• Kino
  • Mapa
  • Ogłoszenia
  • Forum
  • Komunikacja
  • Raport

Alfabet kabrioletów. Który kupić?

MartBawo
13 maja 2014 (artykuł sprzed 9 lat) 
Alfa Romeo 4C Spider. Czas oczekiwania na tę piękną Włoszkę na naszym rynku wynosi ponad rok. Cena wersji podstawowej: 220 tys. zł. Alfa Romeo 4C Spider. Czas oczekiwania na tę piękną Włoszkę na naszym rynku wynosi ponad rok. Cena wersji podstawowej: 220 tys. zł.

Taki zakup nie ma nic wspólnego z rozsądkiem. Kabriolety nabywamy wyłącznie oczami, bez względu na cenę. W ich przypadku liczą się tylko dwa elementy - piękno i emocje.



Tych samochodów nie wymyślono po to, by było praktyczne. Przeciwnie, większość z nich oferuje bardzo przeciętną ilość miejsca, zarówno dla podróżujących, jak i bagażu. Kabriolety często są też bardzo szybkie, mimo iż największą przyjemność sprawia w nich spokojne "kruzowanie". Niezależnie od tego, ile koni mechanicznych drzemie pod maską naszego cabrio, w pełni docenimy go na nadmorskim bulwarze czy krętej zamiejscowej drodze.

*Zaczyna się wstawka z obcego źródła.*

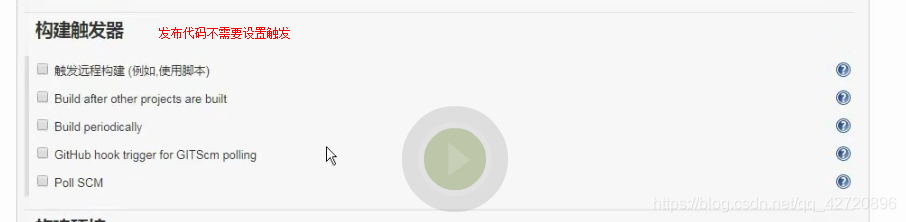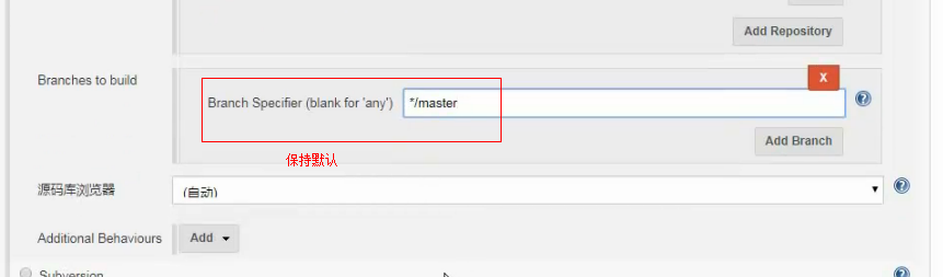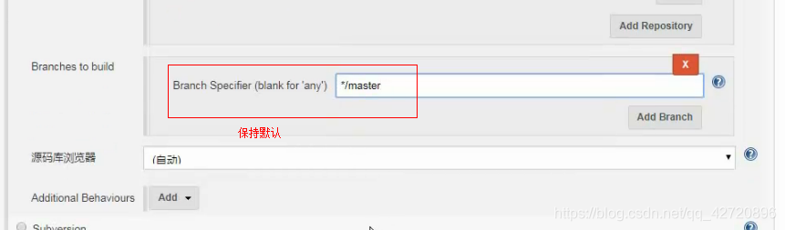 发布分支• “Branches to build” 默认为*/master,意思是发布的分支为master,保持默认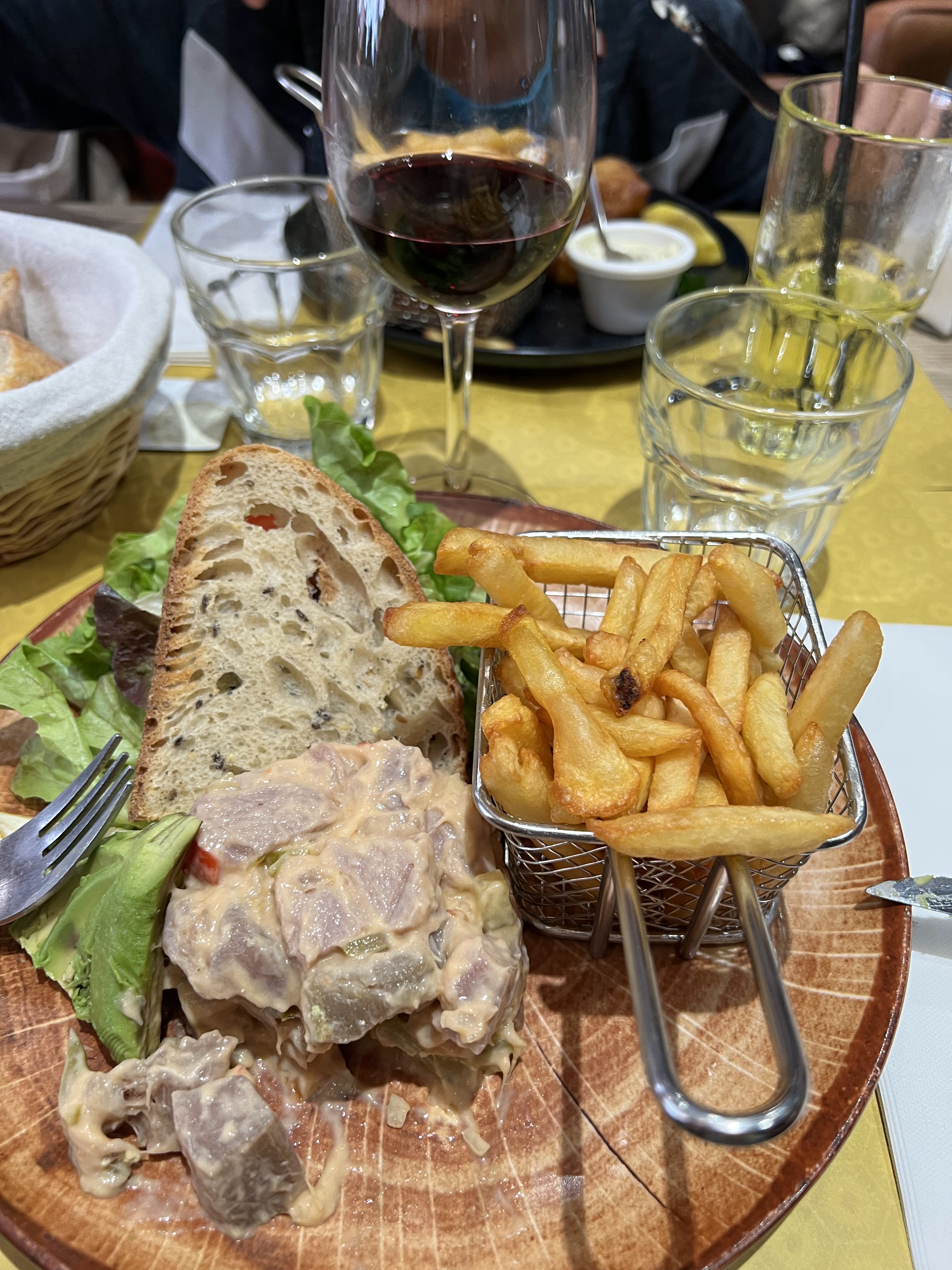Pour un déjeuner du samedi sans réservation. En général, la cuisine est bonne. Le pain est aussi très bon, c'est pas de type pain blanc sans goût 👍👍👍 j'ai préféré mon entrée que mon plat mais les patates sautées au graisse de canard de mon ami était excellentes ! La portion était bien généreuse ❤️ rapport qualité/prix rien à dire. Le service était bien. Avec la surface très large sur 2 étage, je trouve qu'ils sont très professionnels et bien géré pour tout. Je recommande bien.

Który kabriolet najbardziej ci się podoba?

W naszych warunkach przyjemność oglądania nieba w czasie jazdy trwa niestety tylko kilka miesięcy. Mało kto decyduje się na wykorzystywanie kabrioletu przez cały rok, mimo iż te z twardym, składanym dachem, tzw. hardtopem oferują taką możliwość. Cabrio to jednak drugi lub trzeci samochód w garażu, który przeważnie nie ogląda nie tylko płatków śniegu, ale i pierwszego jesiennego deszczu.

Wybór kabrioletów na rynku jest ogromny. To, na jaki samochód się zdecydujemy, zależy tylko od naszej fantazji. Także na ten, a także przyszły rok producenci przygotowali co najmniej kilka ekscytujących premier, wzbogacających ofertę "fun carów". Oto nasz - nie ukrywamy - nieco subiektywny wybór najnowszych kabrioletów, z jednym małym wyjątkiem. Najciekawiej jest (jak zawsze) na samym początku alfabetu...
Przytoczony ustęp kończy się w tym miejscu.